What needs to be done: Please repeat exactly the lines below from the one containing "Háromszög lengővilla, csomagrögzítő" down to the one containing "Gorro octogonal para", both included, and nothing else.
Records for this task START
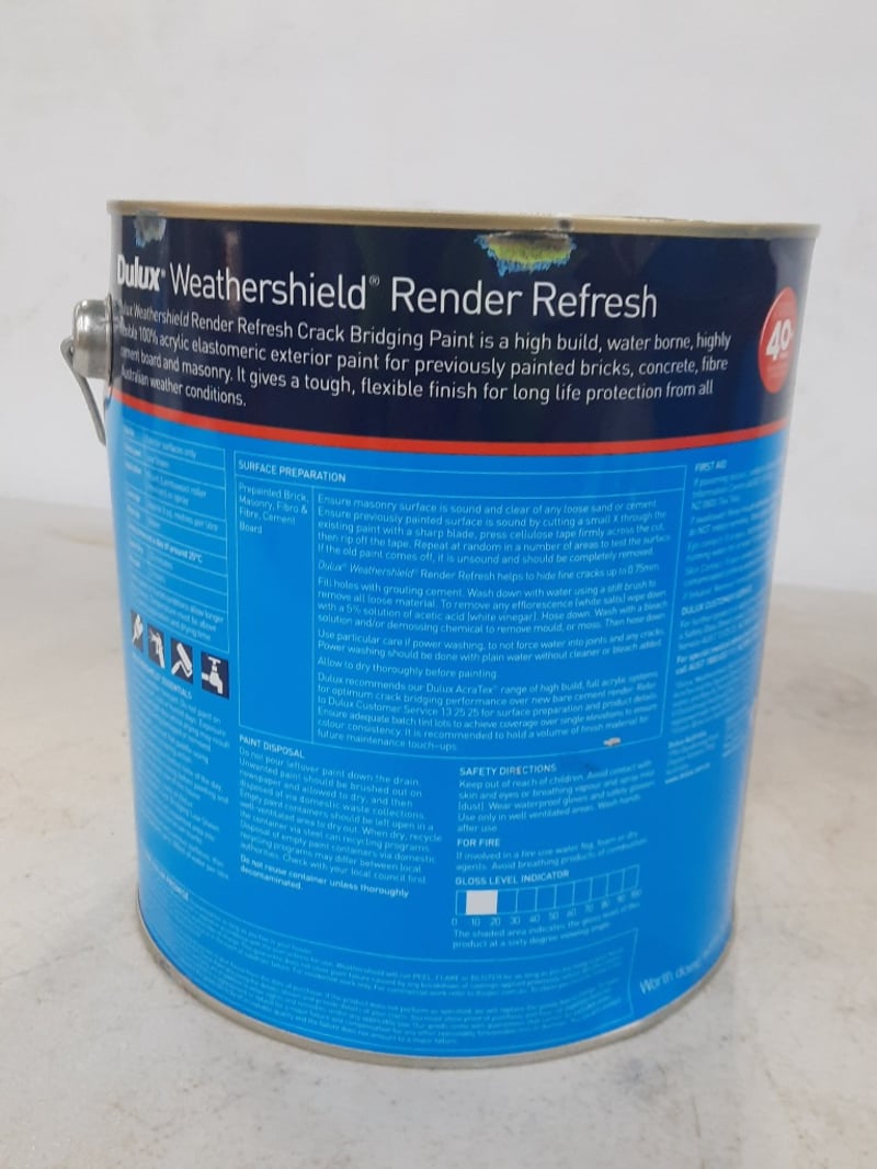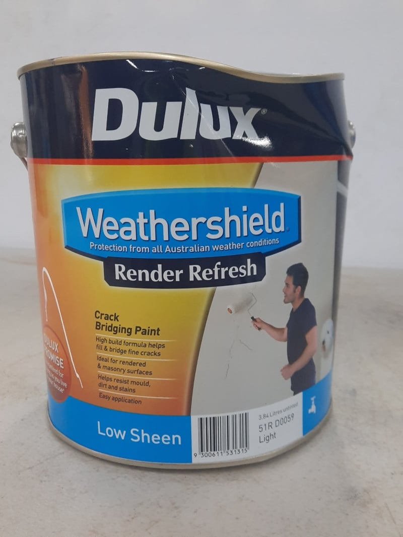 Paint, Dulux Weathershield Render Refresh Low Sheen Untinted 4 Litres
Records for this task END
Records for this task START
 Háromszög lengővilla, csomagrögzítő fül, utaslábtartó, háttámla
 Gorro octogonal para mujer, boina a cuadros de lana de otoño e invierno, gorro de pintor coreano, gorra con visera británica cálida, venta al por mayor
Records for this task END
Result of the task:
 Háromszög lengővilla, csomagrögzítő fül, utaslábtartó, háttámla
 Gorro octogonal para mujer, boina a cuadros de lana de otoño e invierno, gorro de pintor coreano, gorra con visera británica cálida, venta al por mayor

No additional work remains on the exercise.